After Marshalls, let’s pause new development
A vacant lot where M-32 meets Alpena is home to cedar trees and cool fossil beds abundant with ancient coral. It’s a window into Northern Michigan’s distant past as a prehistoric ocean and it’s about to disappear forever.
The first bulldozer is on site, and the girders which will form the roof of Marshalls department store have been delivered. The last wildland at the corner of M-32 and Bagley Street will soon be another parking lot and retail store.
Alpena’s M-32 corridor has exploded with development since Walmart went up there in the 1990s.
In that time, we lost Ripley Street Station and Western Auto, which still sit empty after two decades.

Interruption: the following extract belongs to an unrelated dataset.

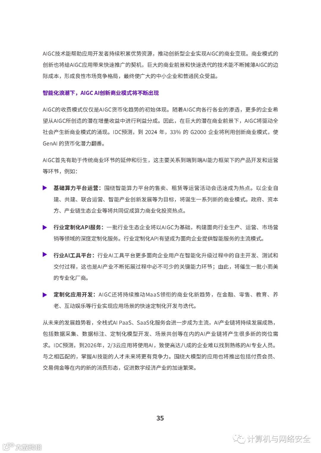 大模型、AIGC的应用落地也将创新产业生态模式,MaaS、PaaS将成为智能经济时代的重要业态。目前已有的基础大模型很难直接应用于各行业领域,企业需要结合自身的行业特点和专业知识,研发出可嵌入MaaS和PaaS的适合企业自身的行业大模型、专属大模型或场景大模型。既能避免开发大模型所需要的大量投入和人才,又能充分利用大模型的通用能力,以实现自己个性化的需求。

The slow death of Alpena Mall is giving way to a new industrial use but its parking lot–the size of a city block–serves none. The former Peebles store at Bear Pointe Plaza has been empty since the late-2000s. Neiman’s Family Market has been vacant since 2020.

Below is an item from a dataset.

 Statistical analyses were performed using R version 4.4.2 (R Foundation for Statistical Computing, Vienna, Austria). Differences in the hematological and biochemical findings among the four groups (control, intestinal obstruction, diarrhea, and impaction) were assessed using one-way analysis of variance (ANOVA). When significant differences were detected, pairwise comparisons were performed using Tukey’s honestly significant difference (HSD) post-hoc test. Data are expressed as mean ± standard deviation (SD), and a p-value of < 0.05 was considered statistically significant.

These were fixtures in our community. Now they are scars.
I hate being jaded by progress but it’s hard to not be. The same mentality which left Alpena with a surplus of unused parking lots and empty storefronts in the span of a single generation is now consuming the west end of town. How far are we willing to let it go? How many forests have to fall in the name of momentary economic gain? Are we so naive to think these developments are immune to the same fate? Is this really progress?
I propose a moratorium on new commercial development until a percentage of these vacant properties are occupied. Tax breaks should favor redevelopment. Money talks, and maybe developers will listen, because what’s happening now is neither sustainable or good for Alpena.